Dr.Ar.Lakshmanan & Tarun Chatterjee

(Arising out of SLP(C) No.16412 of 2005) CIVIL APPEAL NO.4225 OF 2006 (Arising out of SLP(C) No.16418 of 2005) VIDYAVARDHAKA SANGHA & ANR. .....APPELLANT(S) VERSUS Dr.AR.LAKSHMANAN, J.

Leave granted.

Heard Mr.S.N.Bhat, learned counsel appearing on behalf of the appellants and Mrs.K.Sarada Devi, learned counsel appearing on behalf of the respondents.

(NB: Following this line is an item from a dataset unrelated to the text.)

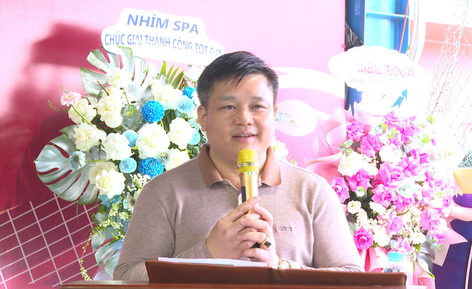 Ban tổ chức tặng hoa cho các nhà tài trợ chính.

Civil Appeal No.4224/2006 arising out of SLP(C) No.16412 of 2005 and Civil Appeal No.4225/2006 arising out of SLP(C) No.16418/2005 were filed against the final common judgment dt.15.6.2005 of the Division Bench of the High Court of Karnataka at Bangalore in Writ Appeal Nos.2807/2002 and 2808/2002. We have also perused the judgment in these appeals and also the appointment order and other relevant records. The appointment order appointing the respective respondents herein clearly show that the respondents were appointed in the prescribed scale on temporary basis for the academic year ending on 31st March, 1993 and subject to the approval by the Education Department. The appointment order further states that the services of the temporary employees may be terminated by the management at any time without assigning any reason and without giving any prior notice. This appointment order was issued to Y.D.Deshpande (respondent No.1 in SLP(C) No.16412/2005). Another appointment order was issued by the management pursuant to the Resolution of the management in its meeting dt.11.08.1991. The respondent No.1 in SLP(C) No.16418/2005 (S.K.Joshi) was appointed as Assistant Teacher in the school in question on consolidated salary of Rs.400/- per month and on contract basis. The appointment order also further states that the appointment was upto the end of academic year 10.4.1992. It is not in dispute that when the approval of the Government was sought the Government did not approve the appointment for the additional post. It is also not in dispute that the appellants' institution is run on the basis of grant-in-aid by the Government. The services of the respondents were terminated in the year 2001 and the respondents without availing the alternative remedy available under the law straightway filed the Writ Petitions in the High Court which were allowed by the learned Single Judge and also on appeal by the management the same was affirmed by the Division Bench of the High Court.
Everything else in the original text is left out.